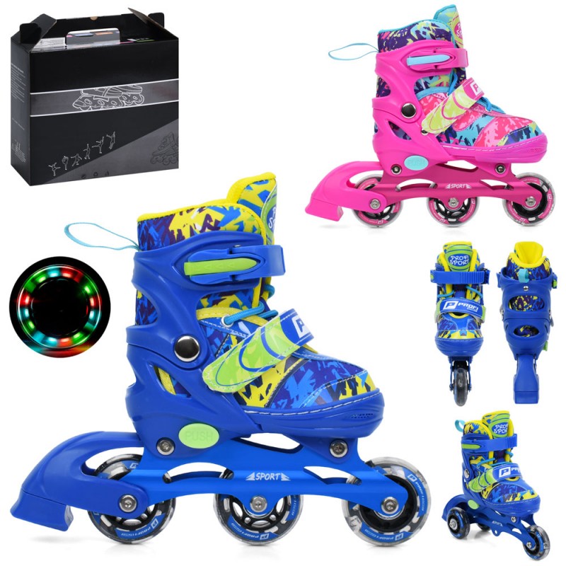 Ролики A4160-XS (6шт) розсувні, шнурівка+бакля, алюм.рама, 3 колеса ПВХ 61мм, 1світло, устілка 15см (+2,5см), комбо, 2 кольори, в кор-ці, 29-26-10,5см
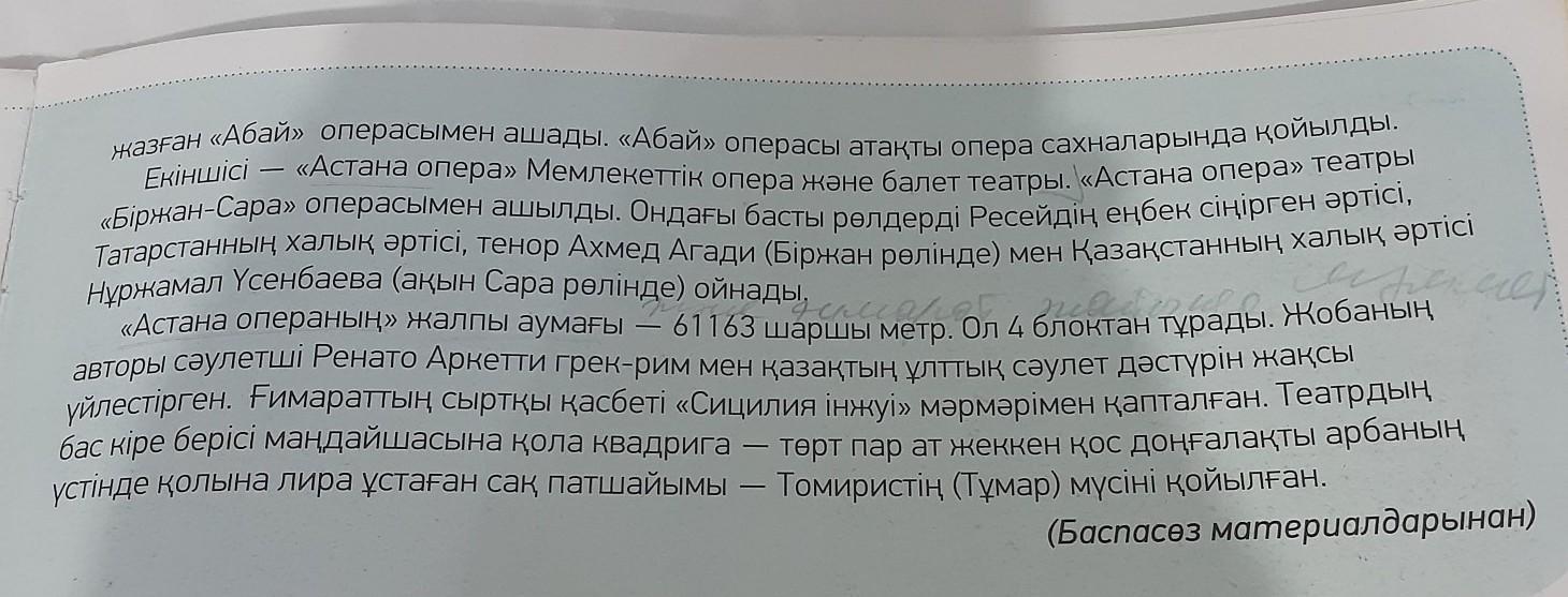 АЙТЫЛЫМ 5 -тапсырма. Мәтіндегі ақпаратты «Төрт сөйлем» тәсілін пайдаланып айт. Пікір. Оқыған мәтін бойынша пікіріңді бір сөйлеммен жаз. Дәлел. Өз пікіріңді бір сөйлеммен дәлелде. Мысал. Пікіріңді өмірмен байланыстырып, мысал келтір. Қорытынды. Тақырып бойынша қорытынды жаз.
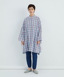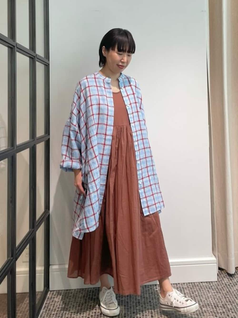 インパクトのあるチェックシャツに、定番のノースリーブワンピースの新色を合わせて、リラックス気分。 色合わせがお気に入りです♪
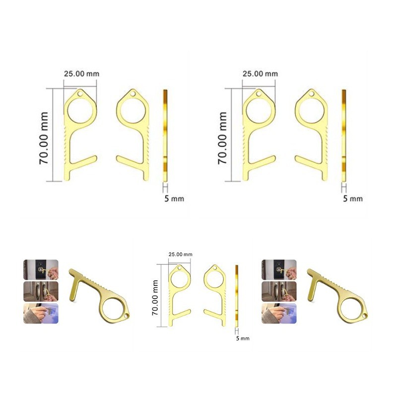 Come and Check Our Branding Solutions.Made from a solid piece of brass , the Hygiene Hand is made to help you "open doors & use shared surfaces like checkouts and ATMs". Developing an EDC to help keep citizens safe. So, by using the Hygiene Hand you not only avoid touching and contaminating yourself, but you also lower the risk of spreading germs. Hygiene Hand Uses The Hygiene Hand was initially designed to help you open doors and sign your name but it can be used for so much more. means it truly is a EDC device. Use the Hygiene Hand is to press buttons, move a chair, flush a toilet, and carry grocery bags, etc. The price includes the shipping cost to ca, QTY over 10k by ocean. Pls check inventory and detailed info before placing your orders.
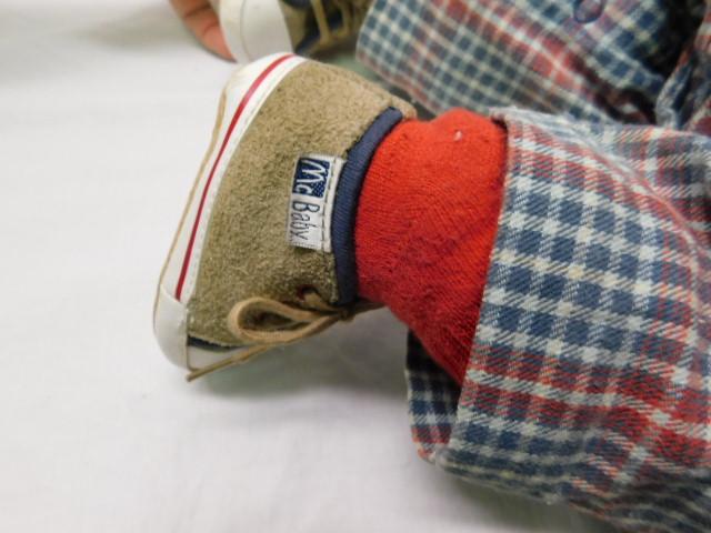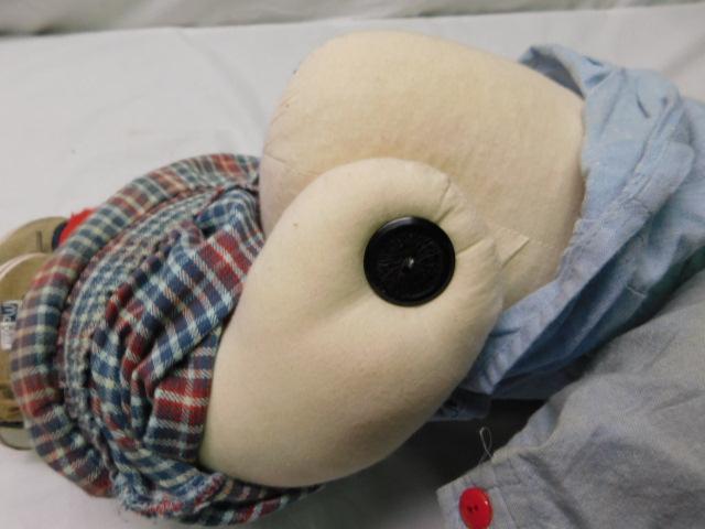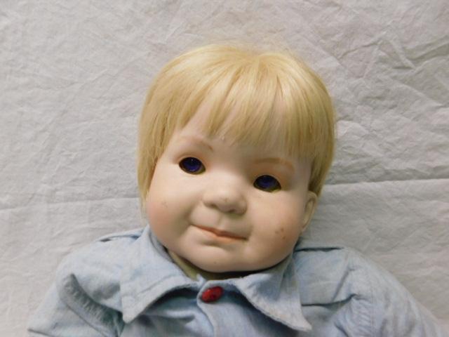 Porcelain Doll with Blue Glass Eyes and Button Hinged Limbs. this doll is extremely heavy with thick porcelain head and hands. Clothes may not be original to doll.
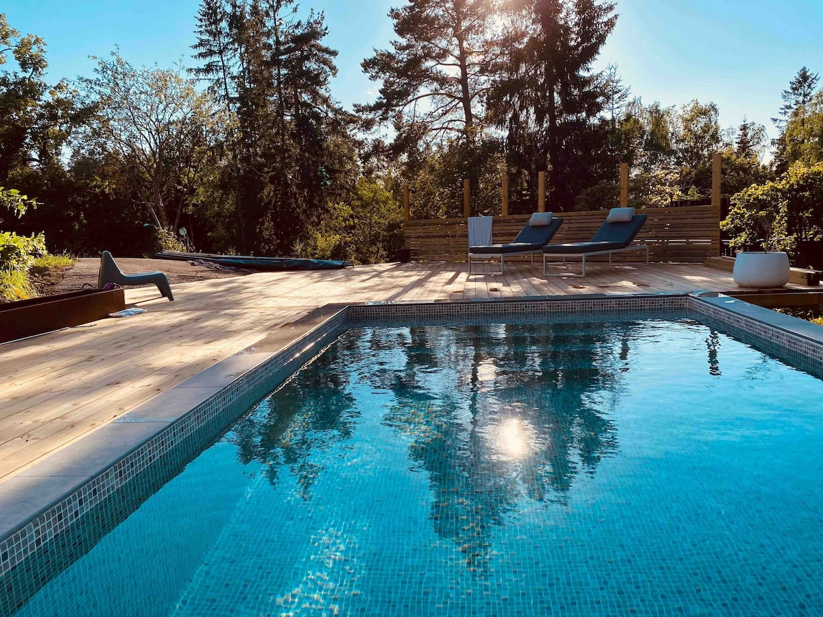 斯德哥尔摩群岛的现代泳池别墅
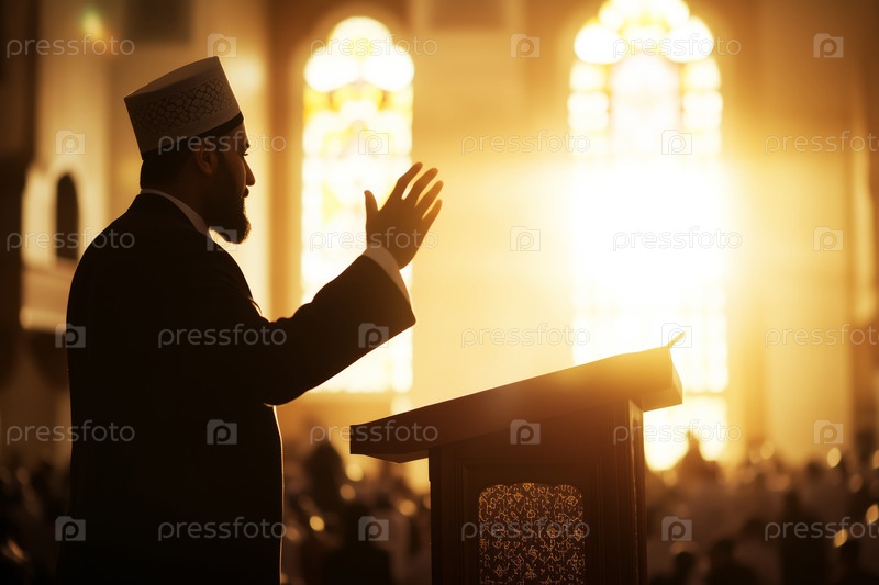 Мужчина средних лет читает проповедь в мечети во время заката солнца
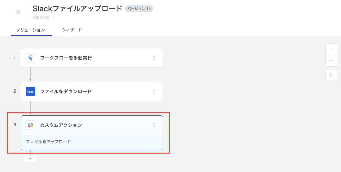 先に構築した「ファイルをダウンロード」アクションによってダウンロードしたファイルを、Slack のチャンネルにアップロードするカスタムアクションを構築する手順を解説します。
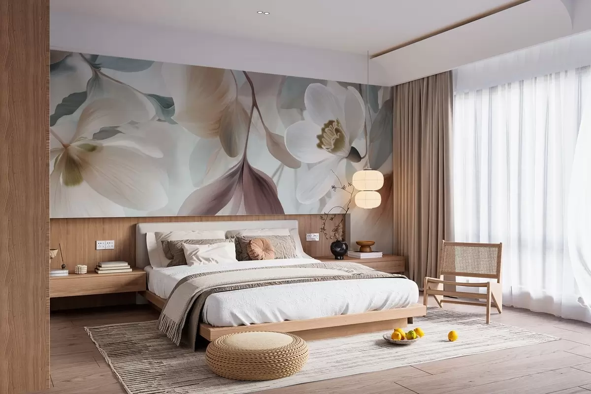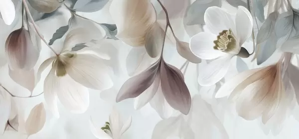 Murais de parede uma delicada composição de flores e folhas em tons pastel Nr. w05240
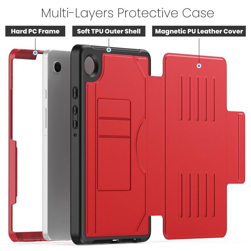 1. Ανθεκτικό Υλικό: Μαγνητική θήκη κατασκευασμένη από υψηλής ποιότητας PC + TPU και premium υφή τεχνητού δέρματος, λεπτό και ελαφρύ σχεδιασμό με εξαιρετική κατασκευή και αίσθηση. Αποτρέπει τις γρατζουνιές και τους χτυπήματα, τα δακτυλικά αποτυπώματα και τη σκόνη στην ταμπλέτα. Επίσης, καθαρίζεται εύκολα.
□ □ □ □ □
> _TASK GOAL_
Reproduce, with no pictures, the lines from the one containing "Murais de parede" to the end of the records above, exactly and inclusively.

> _RESULT OF THIS EXERCISE_
 Murais de parede uma delicada composição de flores e folhas em tons pastel Nr. w05240
 1. Ανθεκτικό Υλικό: Μαγνητική θήκη κατασκευασμένη από υψηλής ποιότητας PC + TPU και premium υφή τεχνητού δέρματος, λεπτό και ελαφρύ σχεδιασμό με εξαιρετική κατασκευή και αίσθηση. Αποτρέπει τις γρατζουνιές και τους χτυπήματα, τα δακτυλικά αποτυπώματα και τη σκόνη στην ταμπλέτα. Επίσης, καθαρίζεται εύκολα.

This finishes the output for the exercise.